Arduino has 10 bits ADC, this is why I decided to build a DAC for audio output based on PWM TIMER0 feature, 5 to 5 bits split equally between pin 5 and 6. One PWM pin could only play 7 bits sound (don’t forget sign bit), which is too low. Weighted 32R-R ladder potentially allows to increase PWM frequency up to 250 kHz or so, and simplify requirements for output filter design. Nevertheless, I left “default” 31 kHz settings for TIMER0, just in case I need more research with 16 bits output later on, All it would takes to switch on “full” 16 bits, just add one 256 k resistor and divide integer in  high and low byte.

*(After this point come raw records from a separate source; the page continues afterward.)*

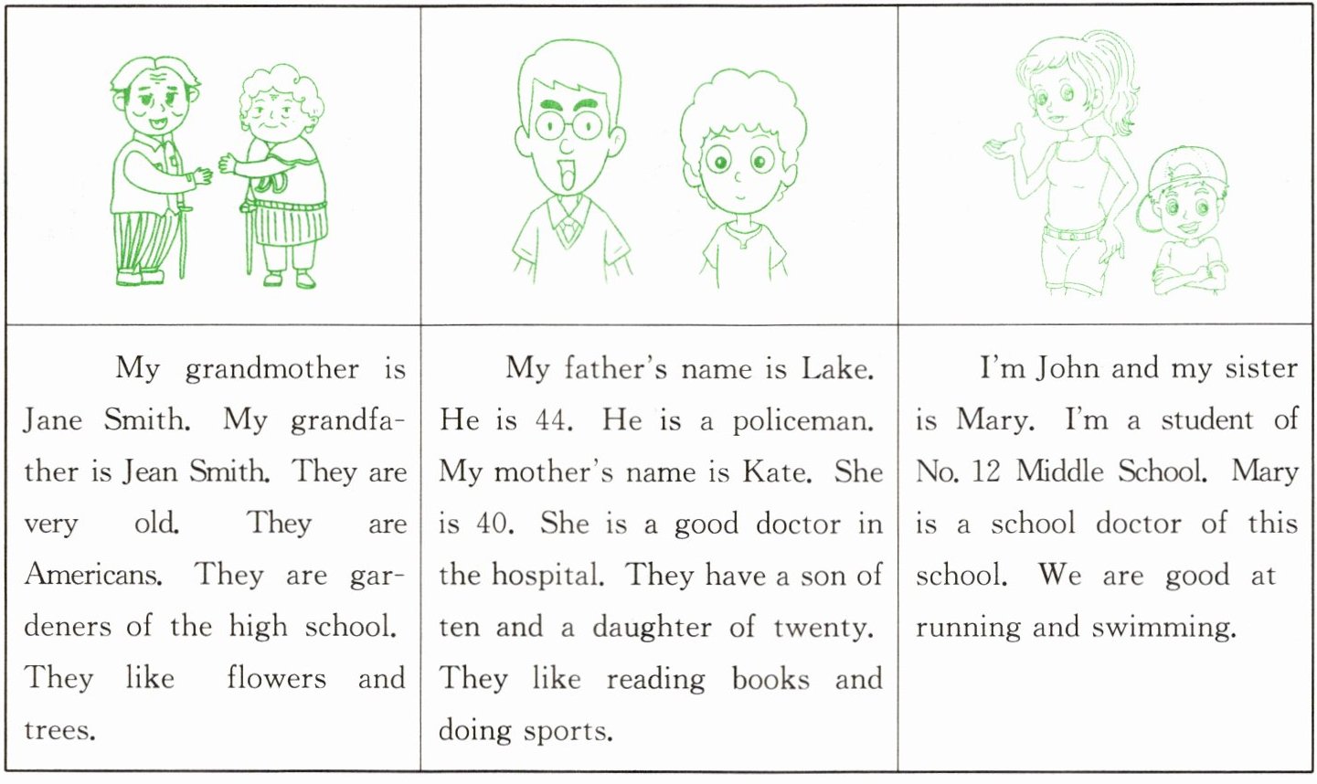 根据本单元所学内容和图片上的关键词,向你的同学介绍你的家人。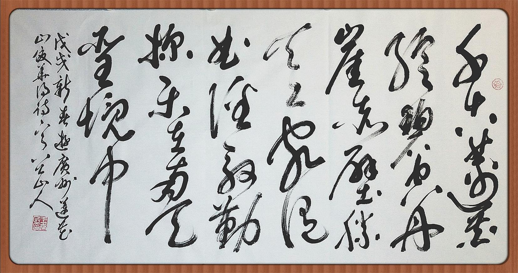 新春伊始,游广州莲花山,夫人俊华作诗一首,八公山人王世国以狂草书之: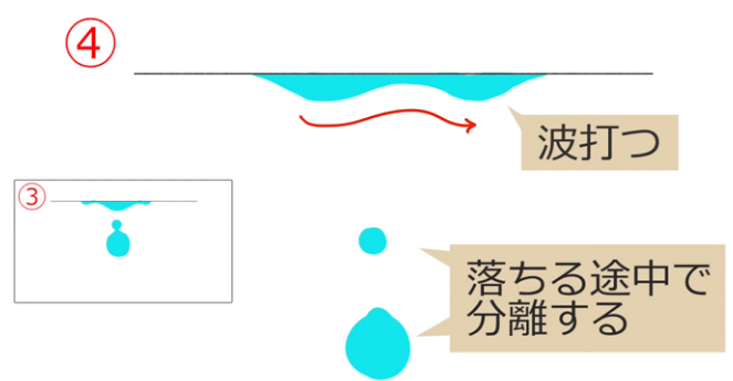 另一方面,远离的水滴会像雪人一样落下,带着加速度分离出来。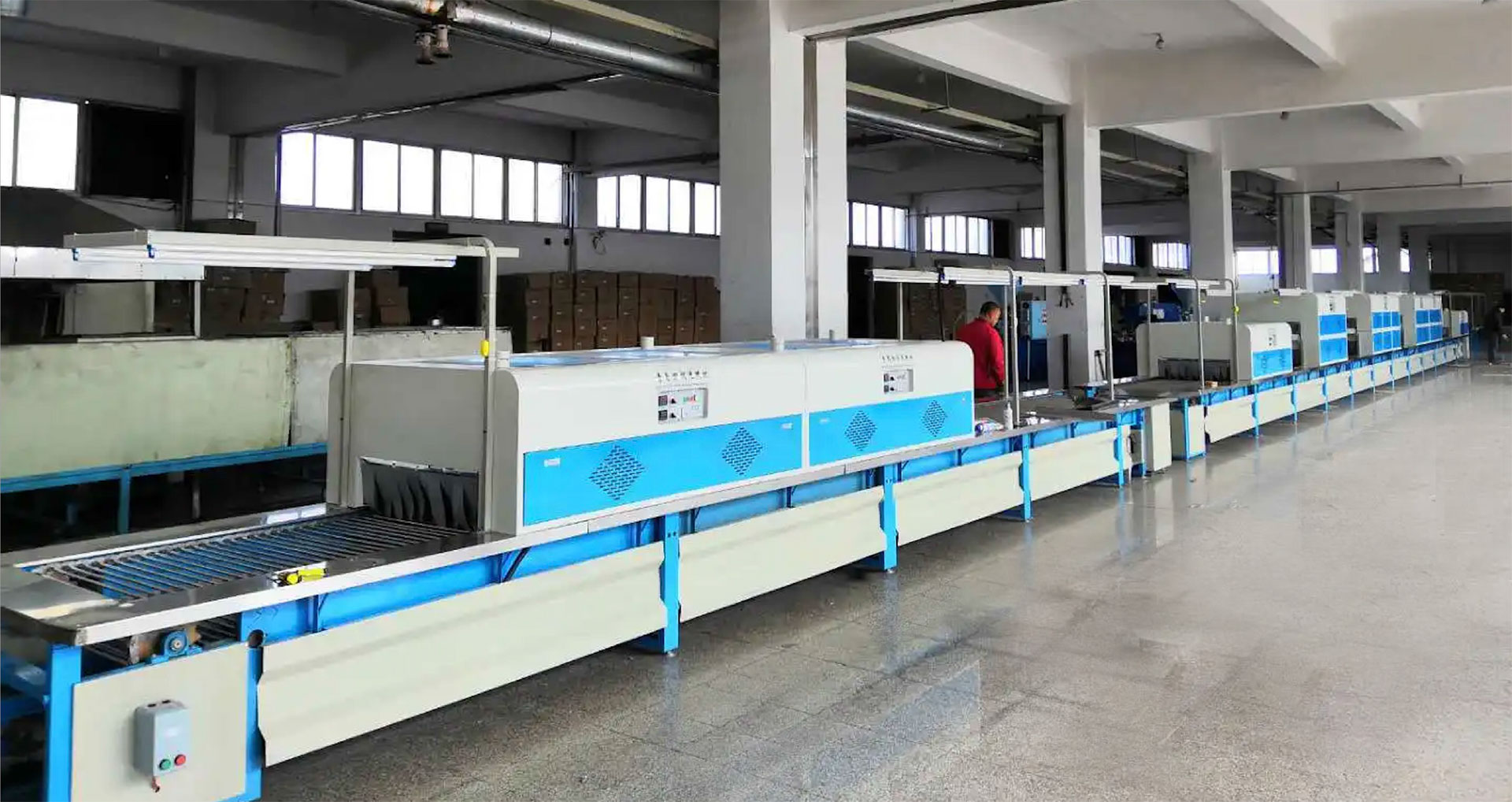 恒温节能贴合成型流水线两条; 环保照射处理流水线两条。

Please, be advised, that included scrambler function was not fully tested, as I don’t have second arduino to do a decoding in real time-);  (Probably, I can record a scrambled sound and decode it in the second passage trough the system – things TO DO.)  The same time Pitch Shifting was successfully tested, as you can see in posted video clip. YouTube Video

Summary:

  • Sampling rate 8 kHz. (easily to adjust by TIMER2 variable.)
  • Output rate 8 kHz. (same as sampling, two processes are synchronous.)
  • Delay 16 milliseconds. (1 block, or two blocks 32 milliseconds.)
  • Input/Output resolution: 10 bits.

There are build-in command line interface:

  • if (incomingByte == ‘m’) { // FREE MEMORY BYTES
  • if (incomingByte == ‘x’) { // PRINT OUT INCOMING SAMPLING BUFFER
  • if (incomingByte == ‘s’) { // SWITCHES – SCRAMBLING ON / OFF
  • if (incomingByte == ‘y’) { // PRINT OUT OUTGOING  BUFFER
  • if (incomingByte == ‘f’) { // DATA AFTER FFT, FREQUENCIES BINS
  • if (incomingByte == ‘p’) { // DATA AFTER PITCH SHIFTING – SCRAMBLING
  • if ((incomingByte >= ’0′) && (incomingByte <= ’9′)) { // DIGITS  ”1″ to “9″ – REGULATE MAGNITUDE OF SHIFTING, “0″ – SPECTRUM INVERSION.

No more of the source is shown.